Exact copies of all the lines below are required, with the pictures omitted.
[Opening GIVEN DATA section]
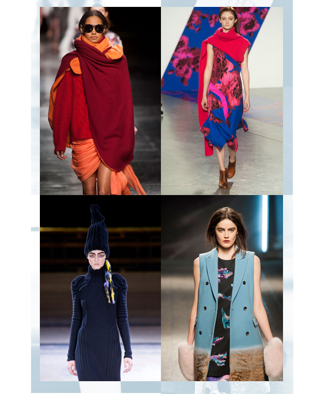 По программе oversize в этот раз дизайнеры создавали не только верхнюю одежду и свитера, но и аксессуары. Если шарф, то такой, чтобы в него можно было завернуться целиком и не один раз, если шапка или шляпа, то обязательно размером как минимум с целую голову.
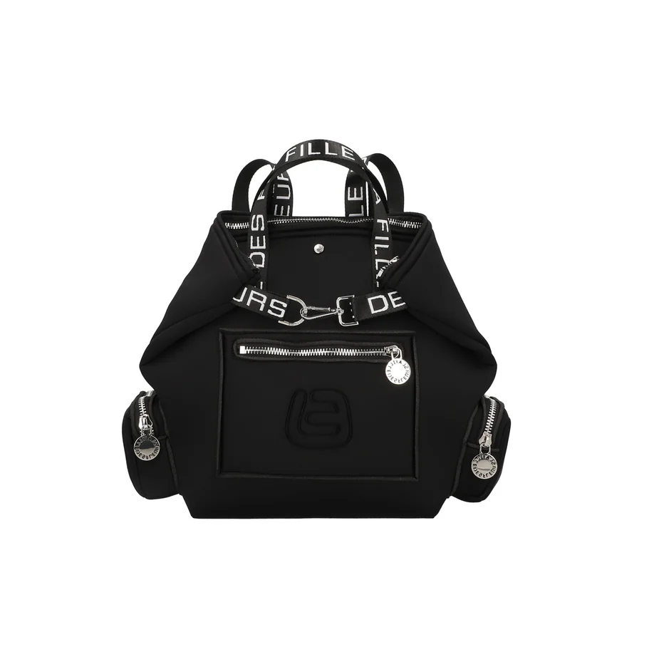 Tasca frontale e laterali con zip. Bretelle regolabili. Finiture argento lucido.
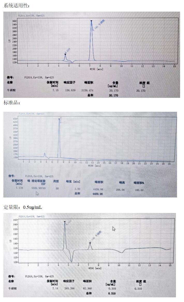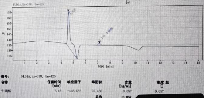 用牛磺酸標(biāo)樣做重現(xiàn)性實(shí)驗(yàn),用 20ug/mL 濃度的標(biāo)樣 6 針,其保留時(shí)間的相對(duì)標(biāo)準(zhǔn)偏差(RSD)是 0.062%, 峰面積的相對(duì)標(biāo)準(zhǔn)偏差(RSD)是 0.126%。
[Closing GIVEN DATA section]
**EXERCISE SOLUTION:**
 По программе oversize в этот раз дизайнеры создавали не только верхнюю одежду и свитера, но и аксессуары. Если шарф, то такой, чтобы в него можно было завернуться целиком и не один раз, если шапка или шляпа, то обязательно размером как минимум с целую голову.
 Tasca frontale e laterali con zip. Bretelle regolabili. Finiture argento lucido.
 用牛磺酸標(biāo)樣做重現(xiàn)性實(shí)驗(yàn),用 20ug/mL 濃度的標(biāo)樣 6 針,其保留時(shí)間的相對(duì)標(biāo)準(zhǔn)偏差(RSD)是 0.062%, 峰面積的相對(duì)標(biāo)準(zhǔn)偏差(RSD)是 0.126%。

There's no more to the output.